** WHAT THIS TASK INVOLVES **
Exact copy, pictures excluded: print the lines from the one with "汉中市教育局关于对市政协五届五次会议第98号提案的答复函" through the final line of the records.

** Excerpts from a dataset **
----
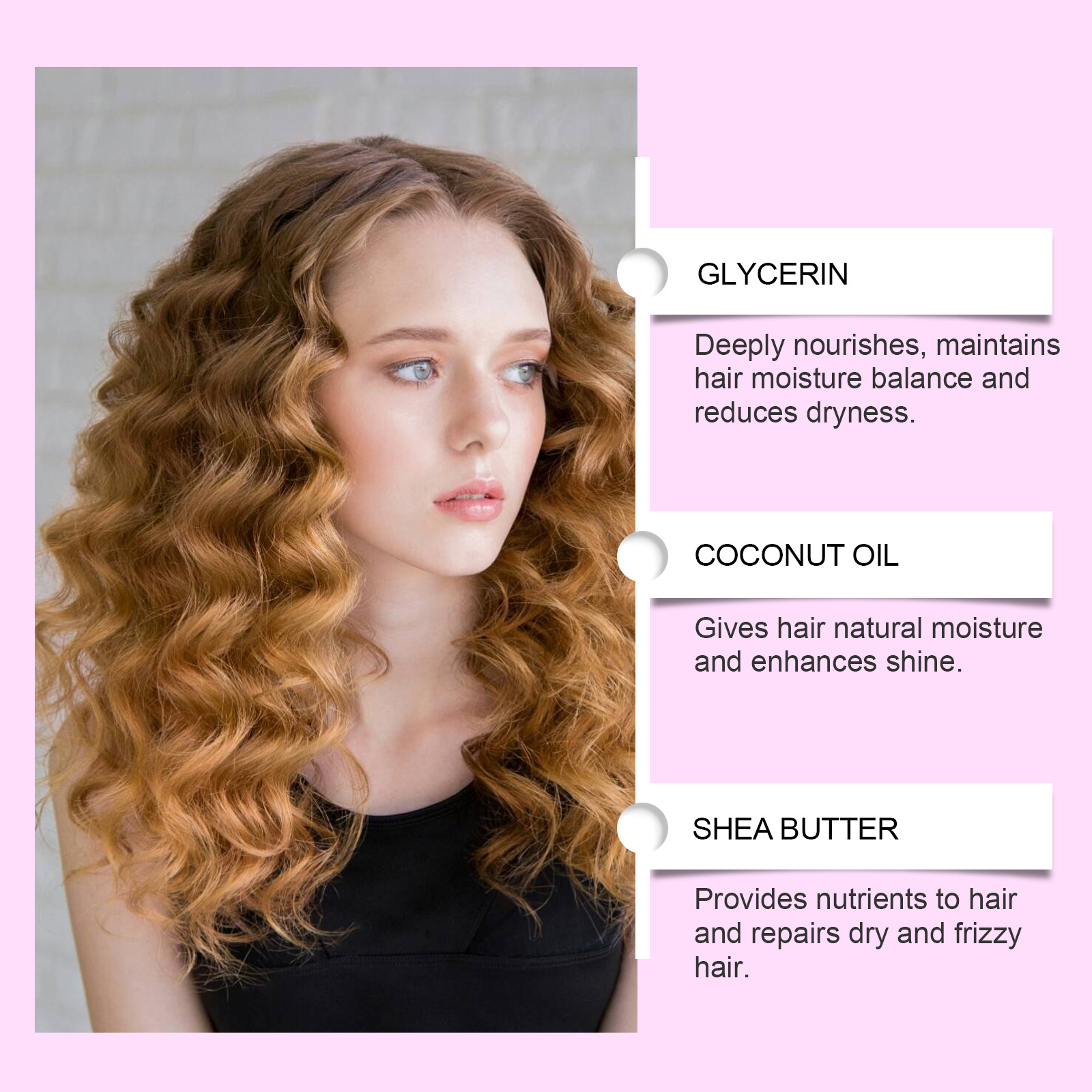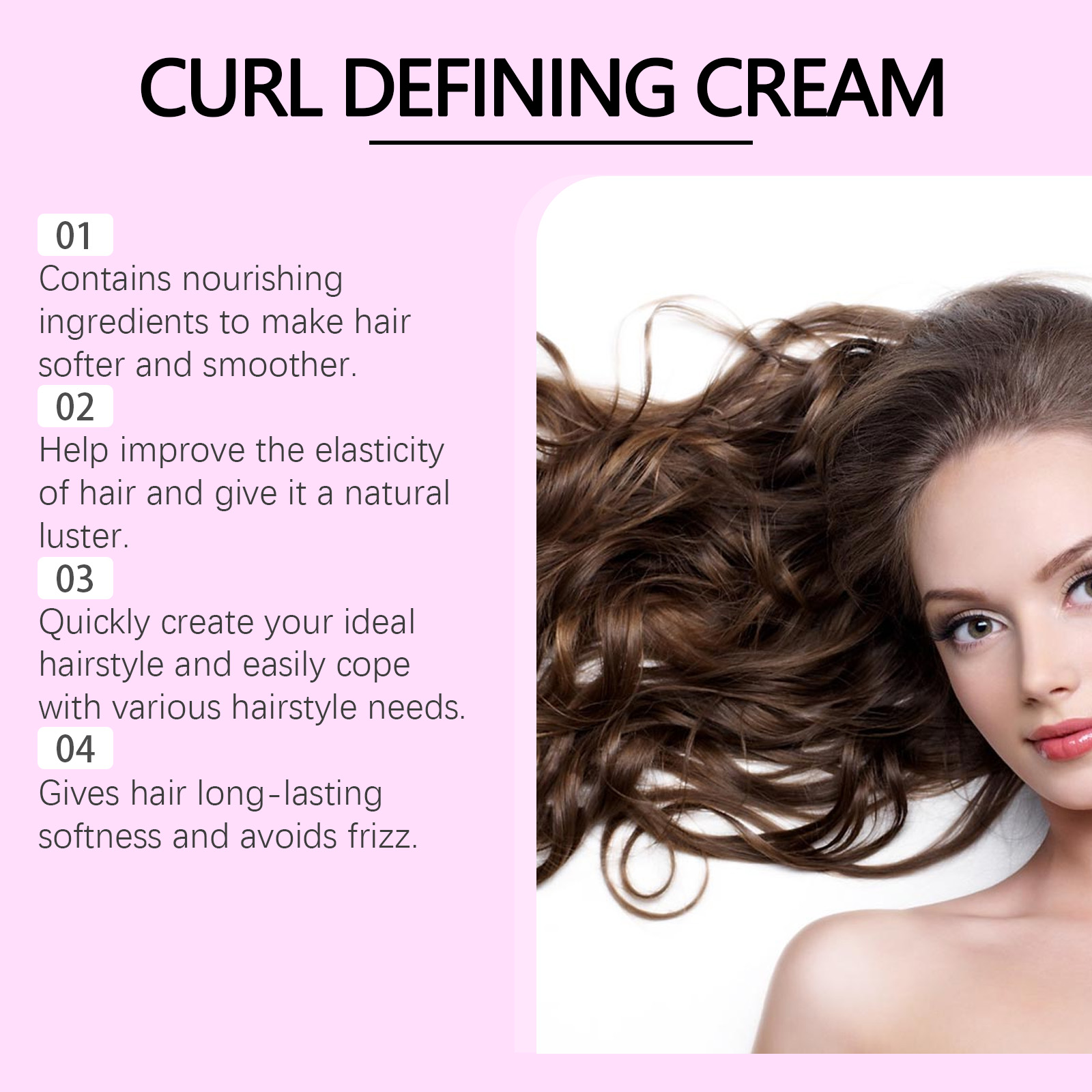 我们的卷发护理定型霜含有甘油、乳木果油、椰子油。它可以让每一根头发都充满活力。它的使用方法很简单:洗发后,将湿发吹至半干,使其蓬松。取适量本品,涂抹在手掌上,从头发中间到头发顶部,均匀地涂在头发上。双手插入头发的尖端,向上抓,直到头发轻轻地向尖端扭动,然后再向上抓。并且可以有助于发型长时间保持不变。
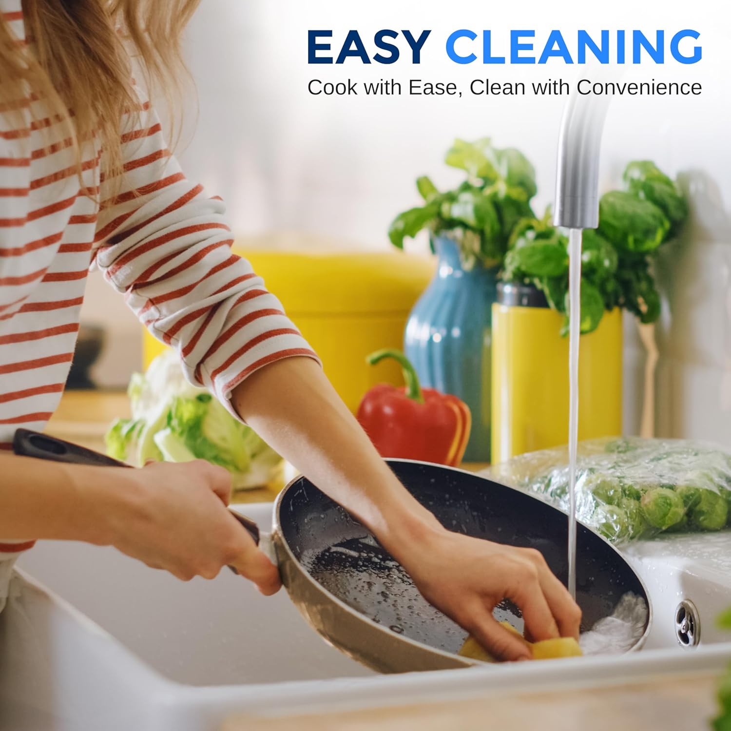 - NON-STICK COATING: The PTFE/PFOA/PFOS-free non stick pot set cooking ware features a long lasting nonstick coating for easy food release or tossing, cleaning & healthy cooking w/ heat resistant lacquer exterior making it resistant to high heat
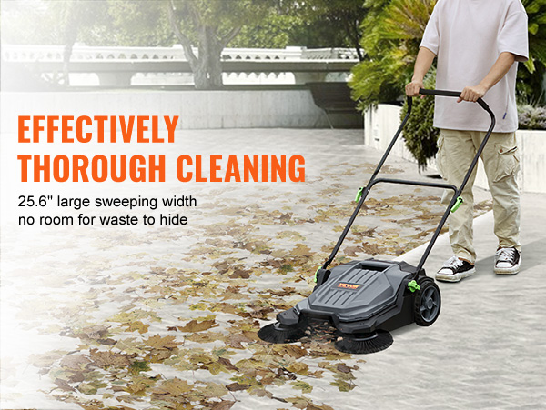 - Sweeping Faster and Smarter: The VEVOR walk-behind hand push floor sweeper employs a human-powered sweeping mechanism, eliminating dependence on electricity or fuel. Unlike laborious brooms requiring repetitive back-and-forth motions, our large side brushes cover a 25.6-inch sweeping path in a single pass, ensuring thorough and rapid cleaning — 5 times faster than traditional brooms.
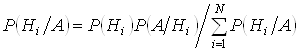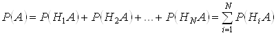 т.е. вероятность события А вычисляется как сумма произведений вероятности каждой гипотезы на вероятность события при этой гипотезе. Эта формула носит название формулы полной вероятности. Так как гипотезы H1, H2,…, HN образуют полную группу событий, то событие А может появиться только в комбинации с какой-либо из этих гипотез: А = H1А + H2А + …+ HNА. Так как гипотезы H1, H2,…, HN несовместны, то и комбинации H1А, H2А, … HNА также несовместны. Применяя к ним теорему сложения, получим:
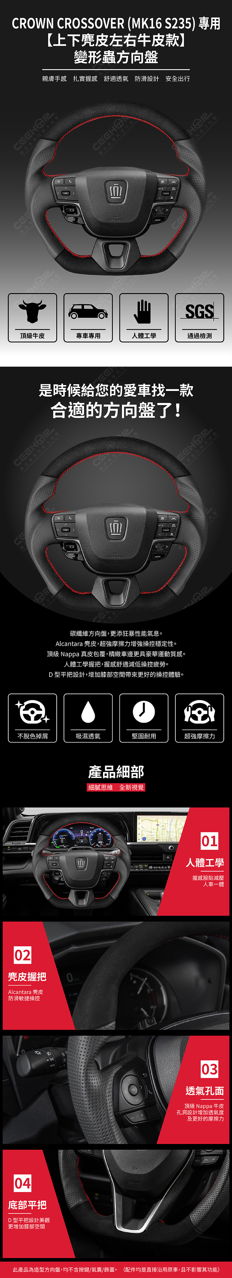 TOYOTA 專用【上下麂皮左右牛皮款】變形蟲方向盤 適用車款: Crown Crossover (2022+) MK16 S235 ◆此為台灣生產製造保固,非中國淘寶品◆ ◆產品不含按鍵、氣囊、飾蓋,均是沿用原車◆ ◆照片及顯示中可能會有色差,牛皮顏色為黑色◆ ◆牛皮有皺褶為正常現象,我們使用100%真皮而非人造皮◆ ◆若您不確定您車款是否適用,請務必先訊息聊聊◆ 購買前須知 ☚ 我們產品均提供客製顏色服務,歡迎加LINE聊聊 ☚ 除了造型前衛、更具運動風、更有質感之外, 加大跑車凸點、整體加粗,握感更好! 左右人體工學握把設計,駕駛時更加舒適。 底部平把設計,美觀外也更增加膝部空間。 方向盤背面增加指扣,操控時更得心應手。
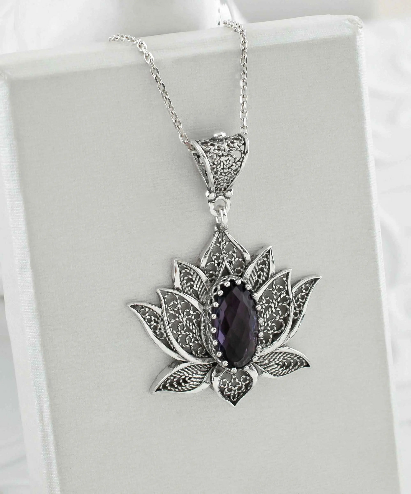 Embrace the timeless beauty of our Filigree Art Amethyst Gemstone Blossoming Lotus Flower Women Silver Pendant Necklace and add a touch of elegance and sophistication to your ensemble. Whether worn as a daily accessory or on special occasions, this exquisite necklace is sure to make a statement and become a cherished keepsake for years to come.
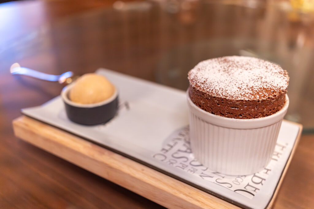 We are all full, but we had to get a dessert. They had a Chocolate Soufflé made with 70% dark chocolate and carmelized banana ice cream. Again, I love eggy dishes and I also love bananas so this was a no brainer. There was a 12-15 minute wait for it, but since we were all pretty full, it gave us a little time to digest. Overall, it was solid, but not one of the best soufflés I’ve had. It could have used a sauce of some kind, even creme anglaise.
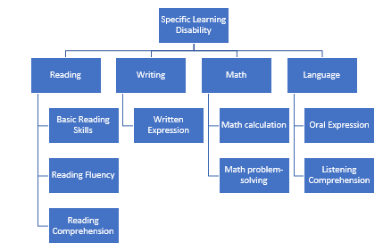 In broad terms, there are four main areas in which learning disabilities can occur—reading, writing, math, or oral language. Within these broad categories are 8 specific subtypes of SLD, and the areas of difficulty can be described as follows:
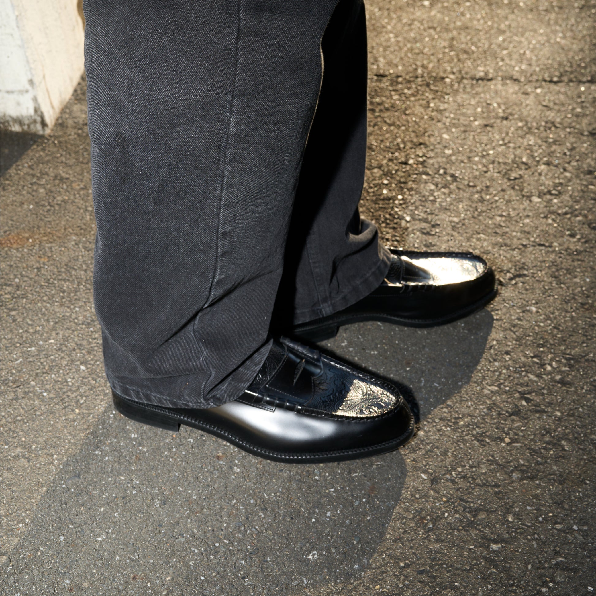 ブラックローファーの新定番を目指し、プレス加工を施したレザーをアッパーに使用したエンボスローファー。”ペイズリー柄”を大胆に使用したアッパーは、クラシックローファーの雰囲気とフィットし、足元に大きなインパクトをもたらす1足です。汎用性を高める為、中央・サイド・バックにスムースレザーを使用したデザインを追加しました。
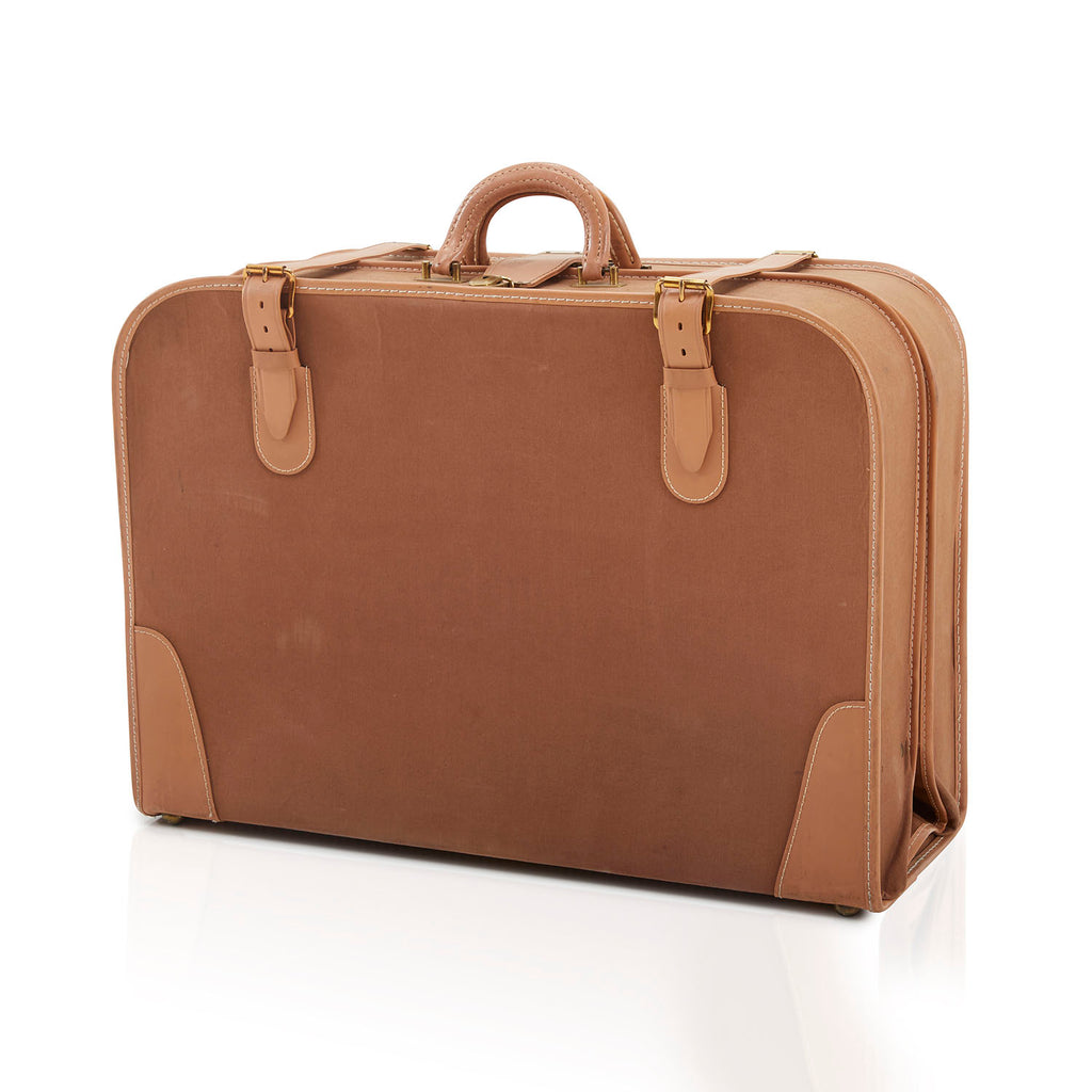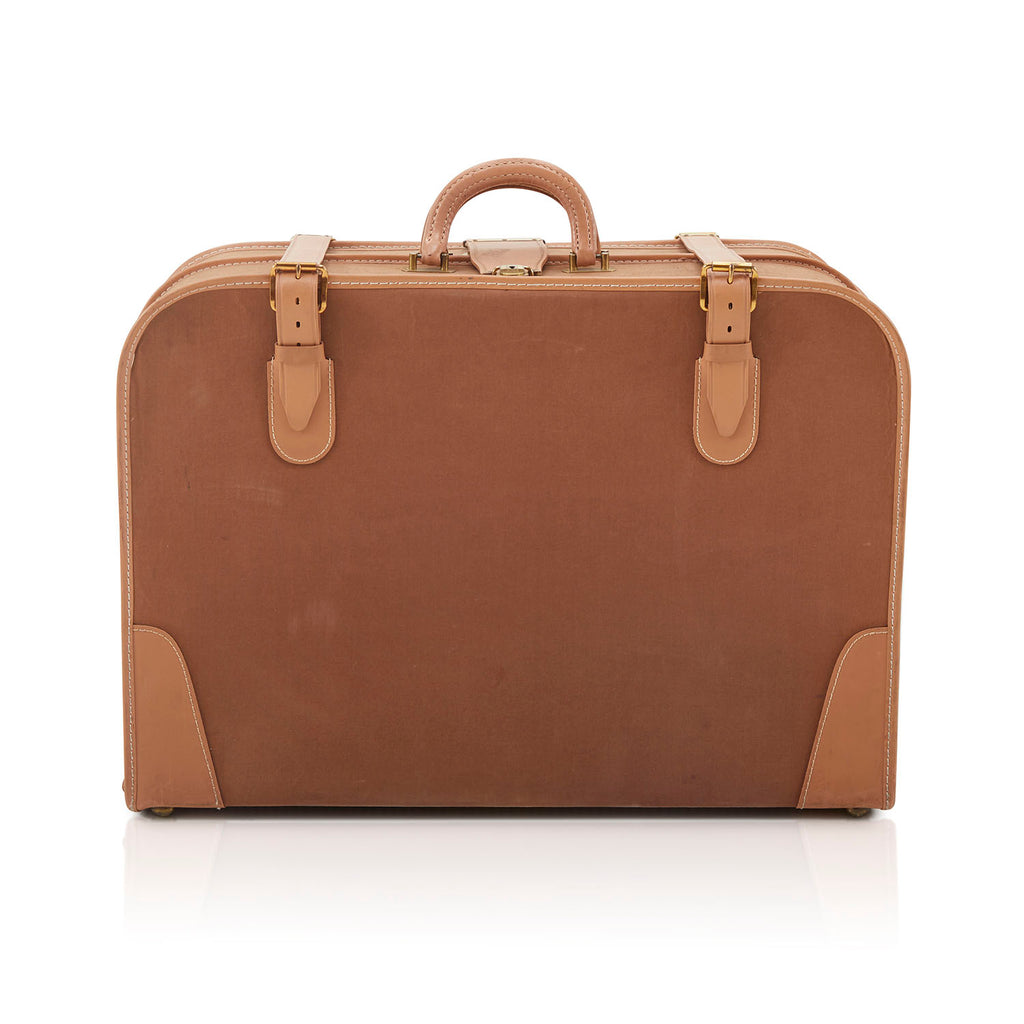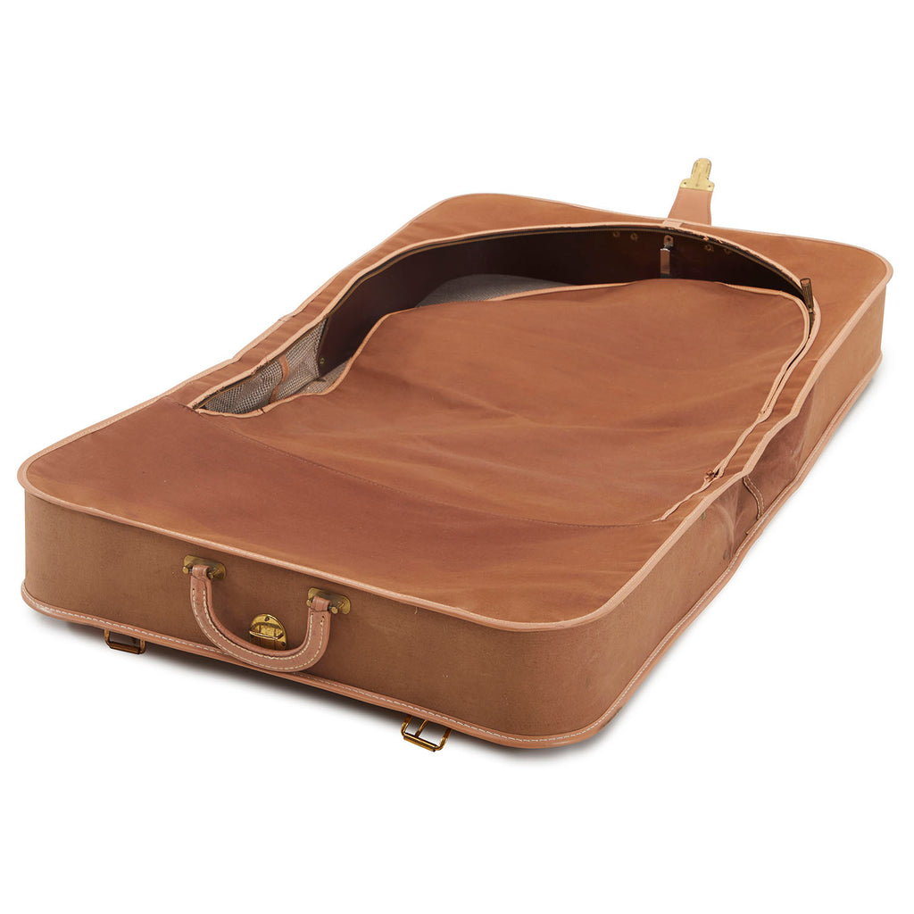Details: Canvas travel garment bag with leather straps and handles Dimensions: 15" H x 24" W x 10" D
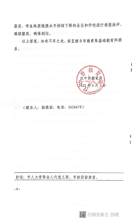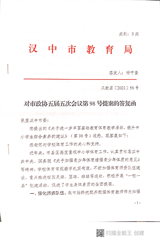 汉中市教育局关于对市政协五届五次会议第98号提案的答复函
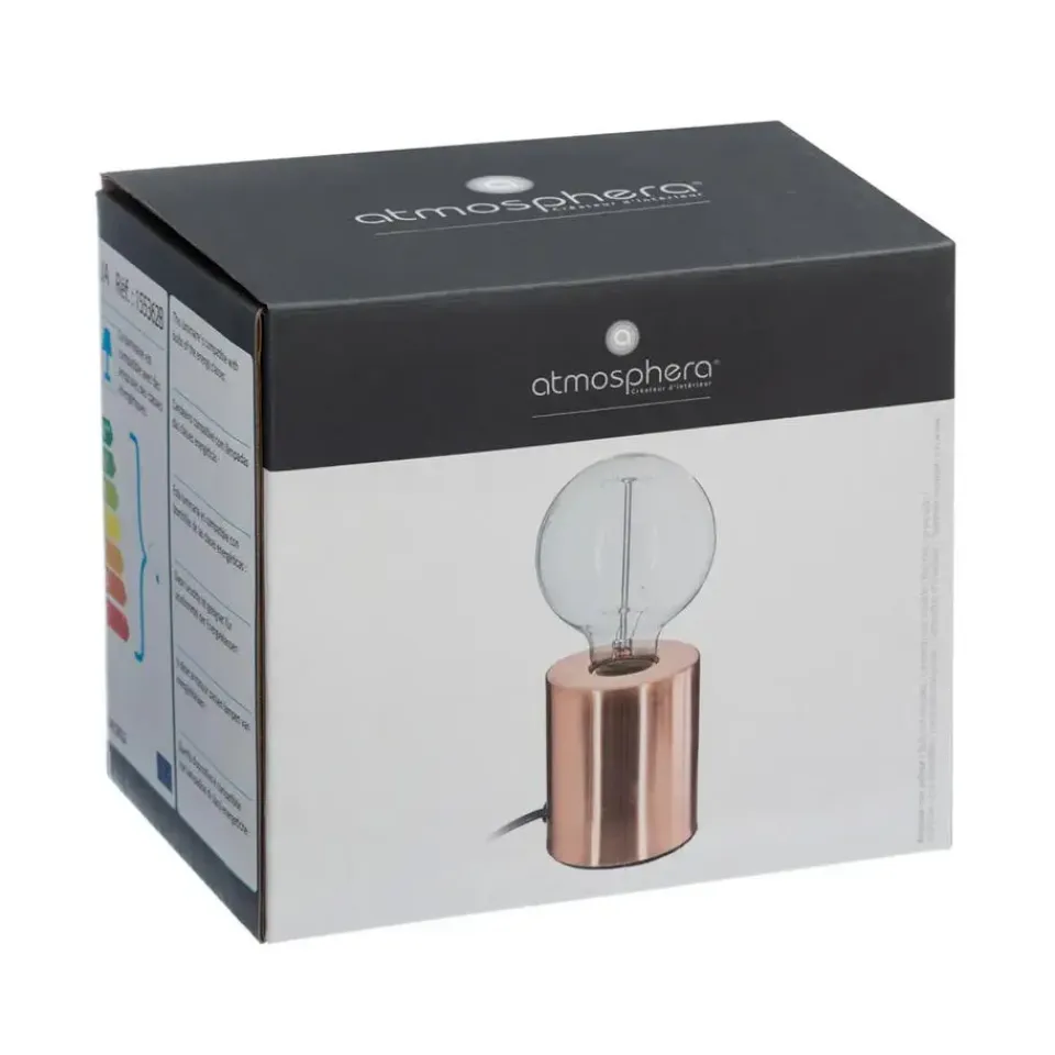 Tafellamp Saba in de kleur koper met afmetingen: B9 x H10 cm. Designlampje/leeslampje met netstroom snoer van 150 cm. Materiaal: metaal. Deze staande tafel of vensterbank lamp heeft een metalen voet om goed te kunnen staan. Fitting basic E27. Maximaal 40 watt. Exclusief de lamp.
----
** ANSWER BELOW **
 汉中市教育局关于对市政协五届五次会议第98号提案的答复函
 Tafellamp Saba in de kleur koper met afmetingen: B9 x H10 cm. Designlampje/leeslampje met netstroom snoer van 150 cm. Materiaal: metaal. Deze staande tafel of vensterbank lamp heeft een metalen voet om goed te kunnen staan. Fitting basic E27. Maximaal 40 watt. Exclusief de lamp.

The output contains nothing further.